[PROVIDED DATA]
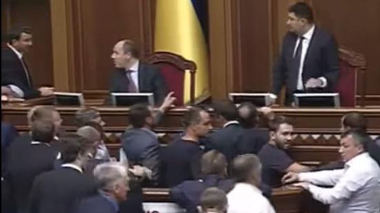 Несколько депутатов возмутились тем, что постановление голосовалось за основу и в целом, подбежали к трибуне и начали высказывать свое недовольство. Среди них был и Владимир Парасюк. После этого в одном из проходов возникла потасовка.
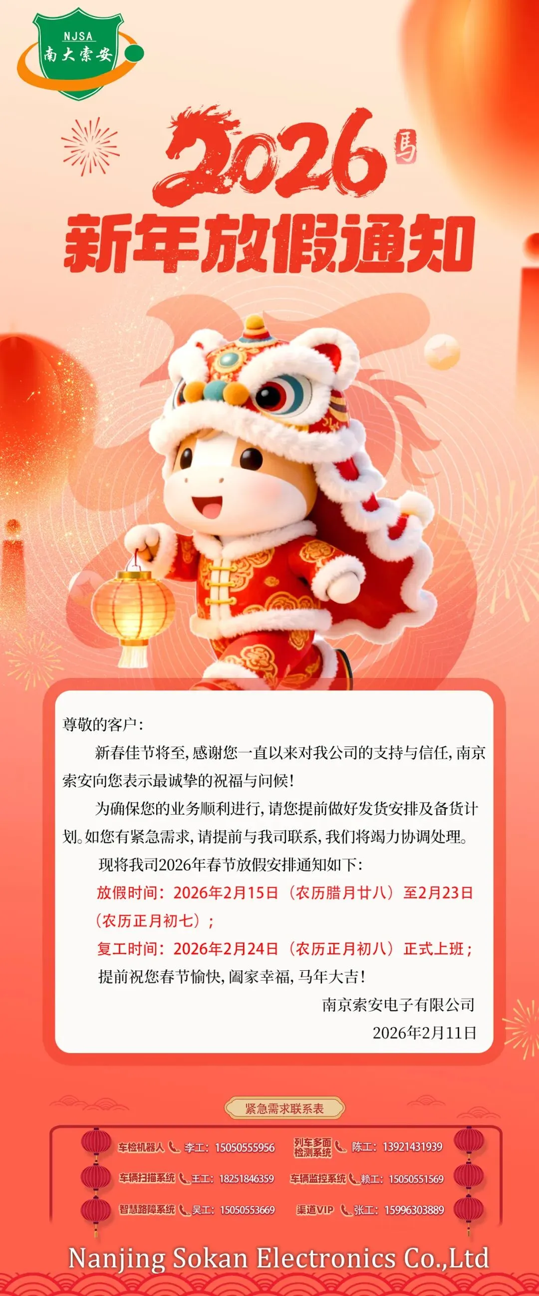 叮!南京索安电子2026春节放假指南已送达,请查收!
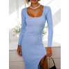 Svetlomodré rebrované šaty MOHEGAN s rázporkom
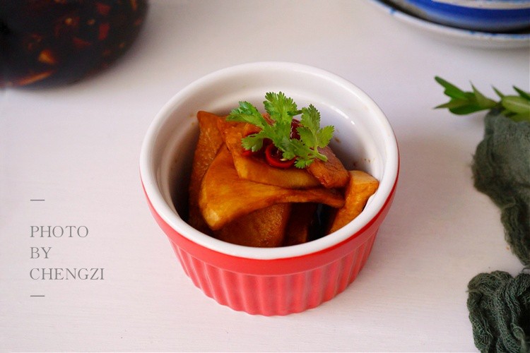 在众多小咸菜中,我家尤其喜欢腌萝卜,婆婆这个用了20年的老方法,萝卜切一切先加点盐腌出水了,再加经过煮制的调味料搅拌均匀,腌制一夜就可以吃了,酸辣爽口特别过瘾,比吃肉都香,而且这样腌制的萝卜,不会发霉,储存半年也不坏。
[/PROVIDED DATA]
Starting at the line that holds "Svetlomodré rebrované šaty", retype every line through the end of the data, both ends included. Pictures stay out of the copy.

 Svetlomodré rebrované šaty MOHEGAN s rázporkom
 在众多小咸菜中,我家尤其喜欢腌萝卜,婆婆这个用了20年的老方法,萝卜切一切先加点盐腌出水了,再加经过煮制的调味料搅拌均匀,腌制一夜就可以吃了,酸辣爽口特别过瘾,比吃肉都香,而且这样腌制的萝卜,不会发霉,储存半年也不坏。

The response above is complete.